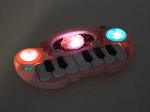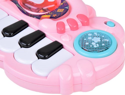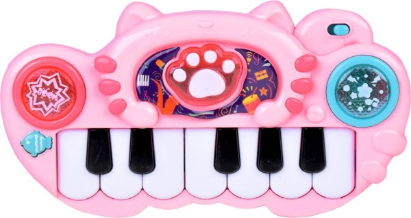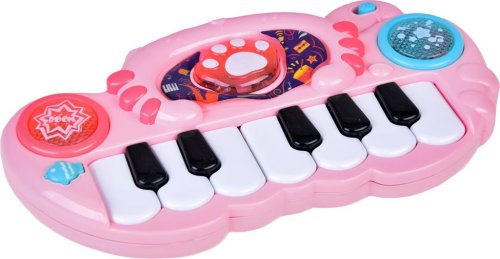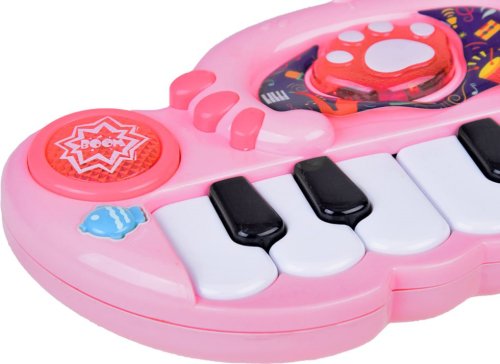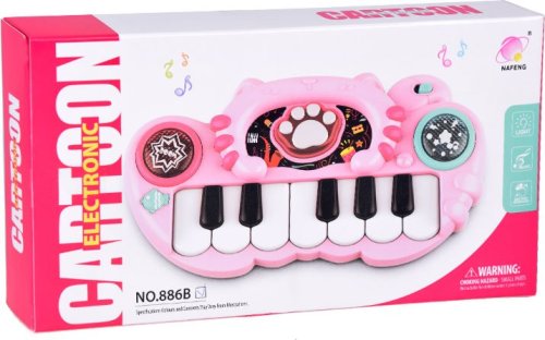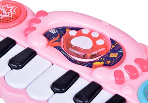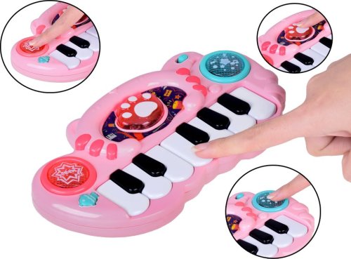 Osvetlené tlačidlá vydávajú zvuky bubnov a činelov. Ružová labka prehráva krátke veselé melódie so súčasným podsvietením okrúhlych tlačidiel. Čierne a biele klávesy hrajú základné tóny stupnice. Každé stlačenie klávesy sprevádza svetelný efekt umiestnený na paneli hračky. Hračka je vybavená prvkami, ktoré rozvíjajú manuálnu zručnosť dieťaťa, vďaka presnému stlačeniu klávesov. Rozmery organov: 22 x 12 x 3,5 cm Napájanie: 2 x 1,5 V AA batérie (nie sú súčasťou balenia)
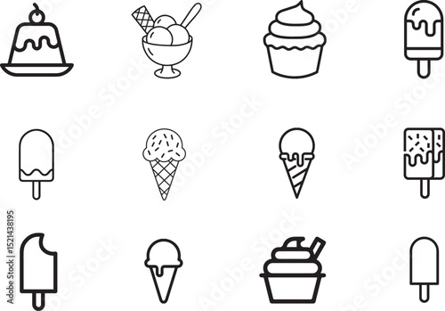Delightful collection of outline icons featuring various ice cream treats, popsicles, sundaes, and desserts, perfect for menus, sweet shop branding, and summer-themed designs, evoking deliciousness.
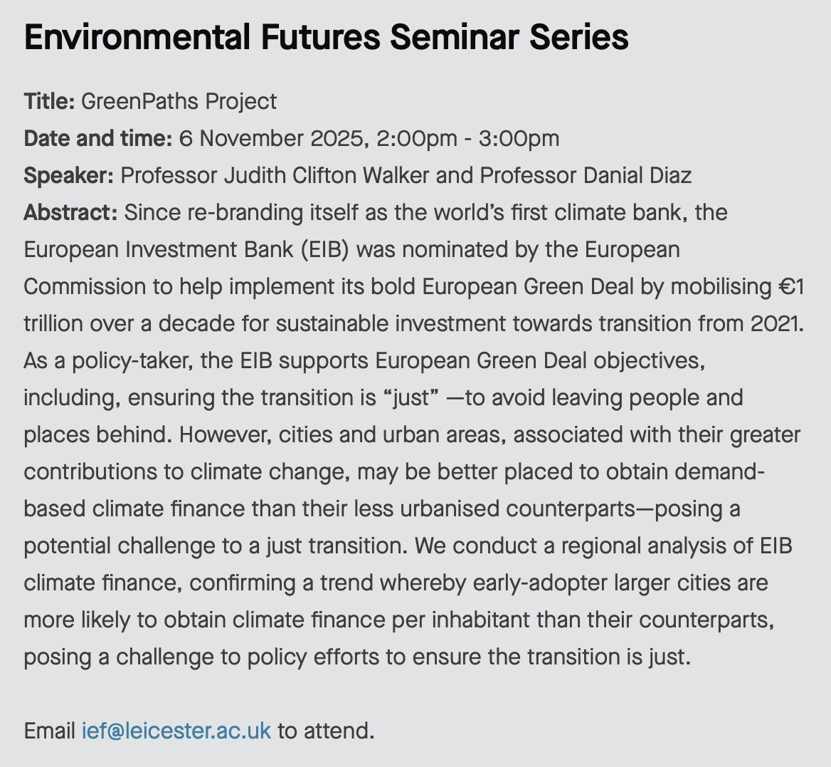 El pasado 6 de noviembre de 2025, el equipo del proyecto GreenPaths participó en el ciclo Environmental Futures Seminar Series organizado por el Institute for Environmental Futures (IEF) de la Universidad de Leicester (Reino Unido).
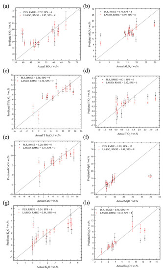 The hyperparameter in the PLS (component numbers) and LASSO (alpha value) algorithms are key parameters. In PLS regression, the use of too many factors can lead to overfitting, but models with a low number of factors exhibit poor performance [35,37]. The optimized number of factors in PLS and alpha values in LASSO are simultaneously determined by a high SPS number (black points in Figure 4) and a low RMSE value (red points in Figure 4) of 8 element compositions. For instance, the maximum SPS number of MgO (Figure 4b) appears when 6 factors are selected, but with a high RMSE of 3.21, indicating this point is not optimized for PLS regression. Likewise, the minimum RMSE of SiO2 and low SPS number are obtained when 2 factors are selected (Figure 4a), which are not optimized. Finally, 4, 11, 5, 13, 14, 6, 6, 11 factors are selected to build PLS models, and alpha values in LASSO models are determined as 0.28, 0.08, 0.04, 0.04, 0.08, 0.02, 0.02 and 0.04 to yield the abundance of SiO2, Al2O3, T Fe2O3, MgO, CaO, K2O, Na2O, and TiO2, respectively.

Aim of the exercise: Return the lines above from the one with "Delightful collection of" through the one with "El pasado 6", verbatim and nothing else. Omit every picture.

The completed task:
Delightful collection of outline icons featuring various ice cream treats, popsicles, sundaes, and desserts, perfect for menus, sweet shop branding, and summer-themed designs, evoking deliciousness.
 El pasado 6 de noviembre de 2025, el equipo del proyecto GreenPaths participó en el ciclo Environmental Futures Seminar Series organizado por el Institute for Environmental Futures (IEF) de la Universidad de Leicester (Reino Unido).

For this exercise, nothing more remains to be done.